- [Prompt]:
Without including any pictures, give back all of the data exactly.

- [Available data]:

####################

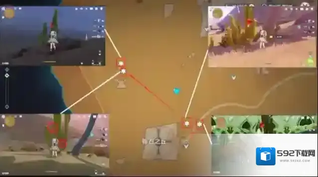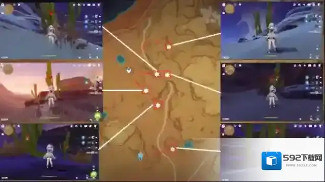 图中下方两处位于山下,从传送点飞下山崖即可,其余均在山上。
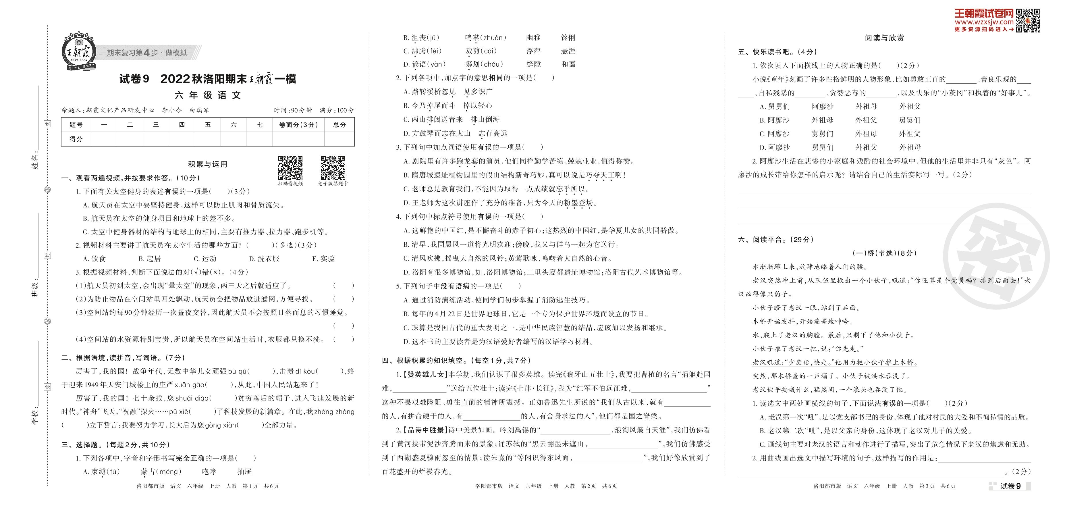 王朝霞期末模拟卷六年级上册语文(人教版)_R221112170037774【9】
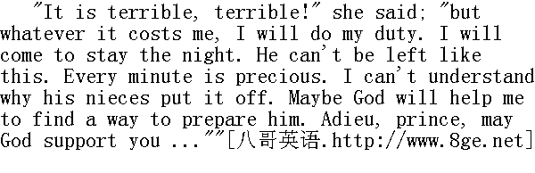 这多么可怕!多么可怕!"她说道, "无论我花费多大的代价, 我也要履行自己的义务。我准来过夜。不能就这样丢下他不管。每瞬间都很宝贵啊。我真不明白, 公爵小姐们干嘛要磨磨蹭蹭。也许上帝会帮助我想出办法来给他准备后事......Adieu, monprince, quelebonDieuvoussoutienne......"① ①法语: 公爵, 再见吧, 但愿上帝保佑您...... "Adieu, my kind friend," answered Prince Vassily, turning away from her. "Adieu, mabonne, " ②瓦西里公爵答道, 一面转过脸去避开她。 ②法语: 我亲爱的, 再见吧。 "Oh, he is in an awful position!" said the mother to her son, when they were sitting in the carriage again. "He scarcely knows any one." " 唉, 他的病势很严重, 糟糕透了, "当母亲和儿子又坐上四轮轿式马车时, 母亲对儿子说道, "他几乎什么人也认不得了。"
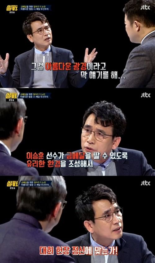 유시민 작가의 발언에 박형준 교수는 "이유 있는 딴지라고 본다. 우리 사회가 모두 압축 성장을 했다. 스포츠도 그러하다. 결과 지상주의다"고 의견을 밝혔다.

####################

- [Output for this task]:
 图中下方两处位于山下,从传送点飞下山崖即可,其余均在山上。
 王朝霞期末模拟卷六年级上册语文(人教版)_R221112170037774【9】
 这多么可怕!多么可怕!"她说道, "无论我花费多大的代价, 我也要履行自己的义务。我准来过夜。不能就这样丢下他不管。每瞬间都很宝贵啊。我真不明白, 公爵小姐们干嘛要磨磨蹭蹭。也许上帝会帮助我想出办法来给他准备后事......Adieu, monprince, quelebonDieuvoussoutienne......"① ①法语: 公爵, 再见吧, 但愿上帝保佑您...... "Adieu, my kind friend," answered Prince Vassily, turning away from her. "Adieu, mabonne, " ②瓦西里公爵答道, 一面转过脸去避开她。 ②法语: 我亲爱的, 再见吧。 "Oh, he is in an awful position!" said the mother to her son, when they were sitting in the carriage again. "He scarcely knows any one." " 唉, 他的病势很严重, 糟糕透了, "当母亲和儿子又坐上四轮轿式马车时, 母亲对儿子说道, "他几乎什么人也认不得了。"
 유시민 작가의 발언에 박형준 교수는 "이유 있는 딴지라고 본다. 우리 사회가 모두 압축 성장을 했다. 스포츠도 그러하다. 결과 지상주의다"고 의견을 밝혔다.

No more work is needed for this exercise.